§ **EXERCISE BRIEF**
Nothing but the lines below from the first through the one with "محتویات جعبه کمکهای" should appear, printed exactly; please leave pictures out.

Data entries:
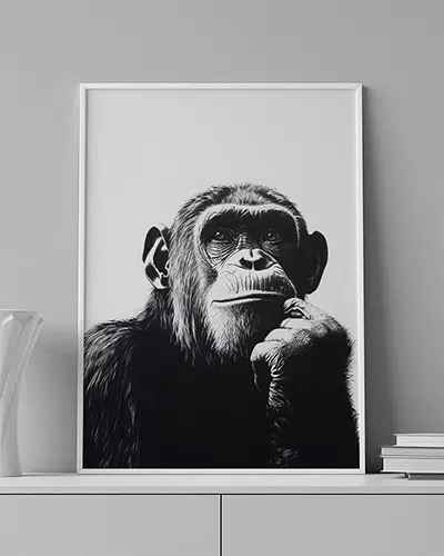 ENG: A monkey resting its chin on its hand, reflecting on life with wisdom and nostalgia.
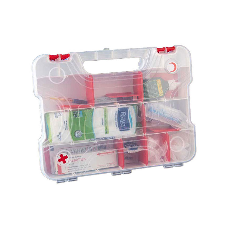 محتویات جعبه کمکهای اولیه: باند زخم , بتادین , پد الکلی , پنبه , چسب حلقه ای , چسب زخم , دستکش لاتکس
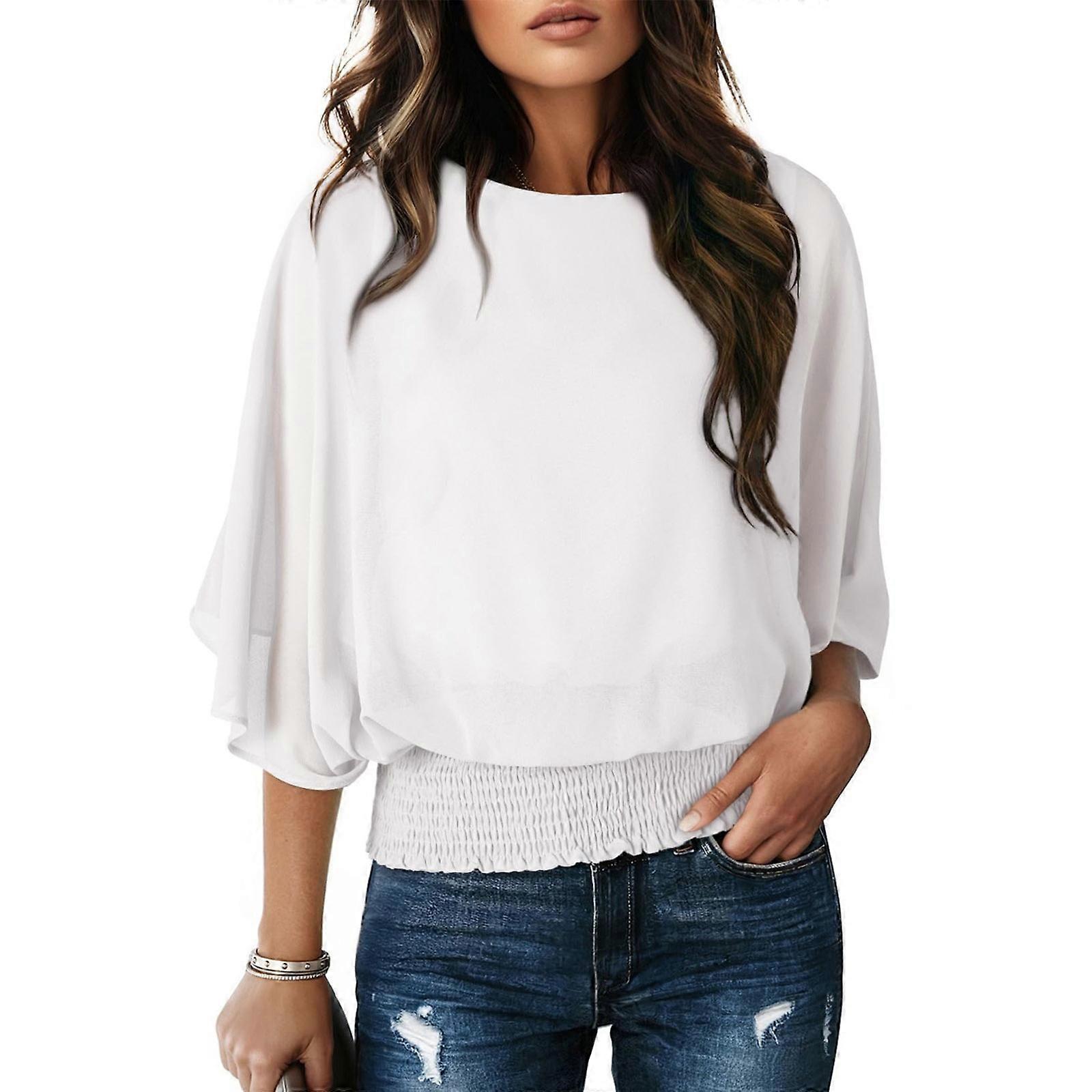 Womens Blouses Dressy Casual Boat Neck Flowy Chiffon Blouses Poncho Batwing Tops White XL
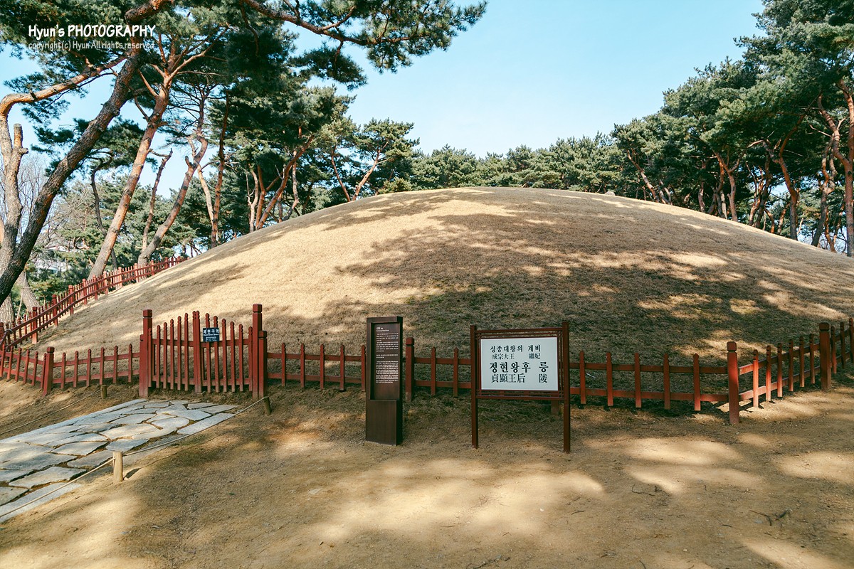 성종은 알다시피 세종 이후 조선왕조의 기틀을 세운 왕이기도 하며, 비교적 꽤 많은 업적을 남긴 왕이기도 하지요. 특히 정현왕후는 아래에서 소개할 정릉의 주인인 중종을 낳은 왕비이기도 합니다. 따라서 선정릉은 아버지 성종, 어머니 정현왕후, 아들 중종까지 세 가족이 함께 묻혀 있는 곳이 되었네요.
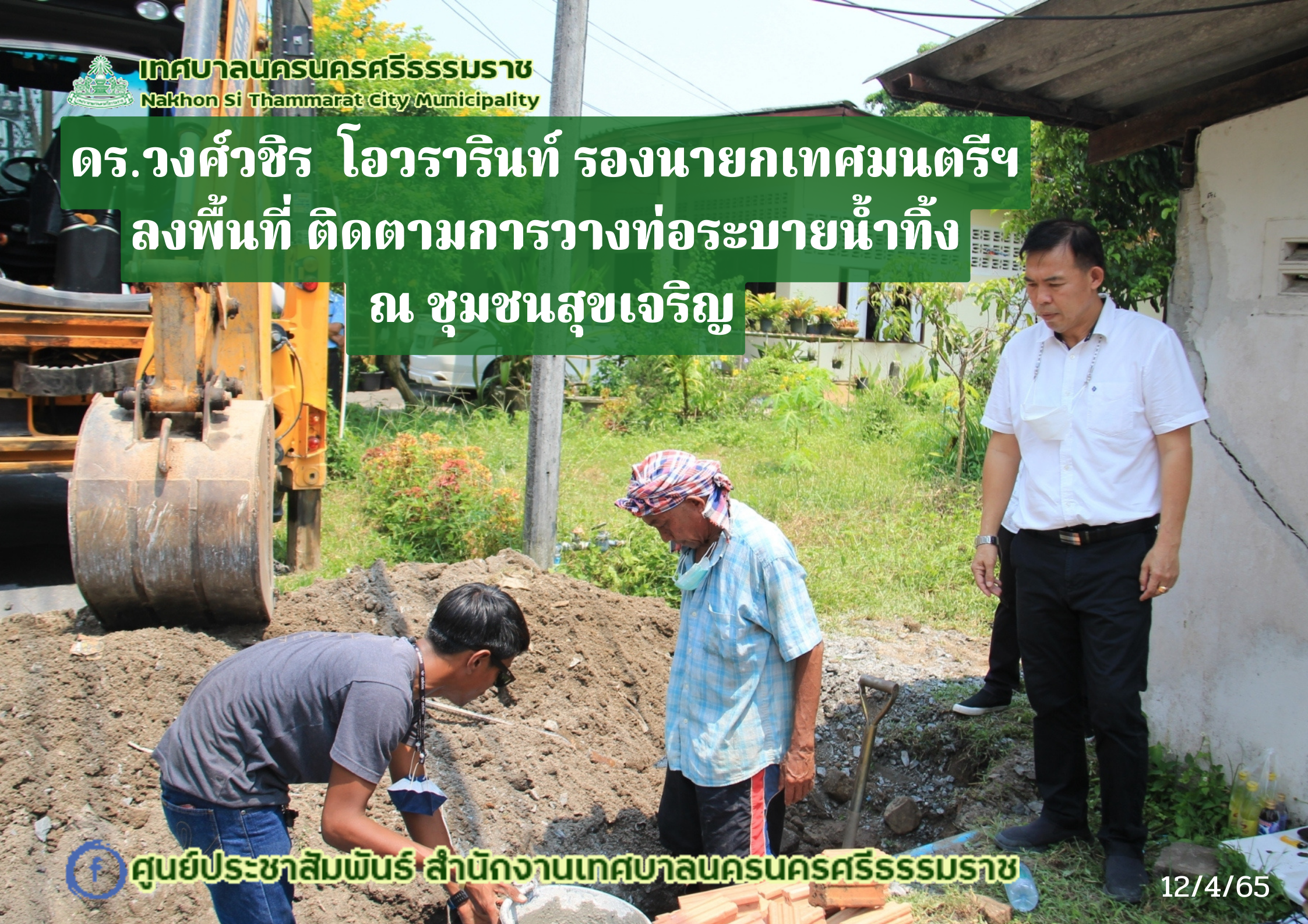 | ดร.วงศ์วชิร โอวรารินท์ รองนายกเทศมนตรีนครนครศรีธรรมราช พร้อมด้วยสมาชิกสภาเทศบาลนครนครศรีธรรมราช เขต 4 ลงพื้นที่ ติดตามการวางท่อระบายน้ำทิ้ง ณ ชุมชนสุขเจริญ |

§ **ANSWER FOR THIS EXERCISE**
 ENG: A monkey resting its chin on its hand, reflecting on life with wisdom and nostalgia.
 محتویات جعبه کمکهای اولیه: باند زخم , بتادین , پد الکلی , پنبه , چسب حلقه ای , چسب زخم , دستکش لاتکس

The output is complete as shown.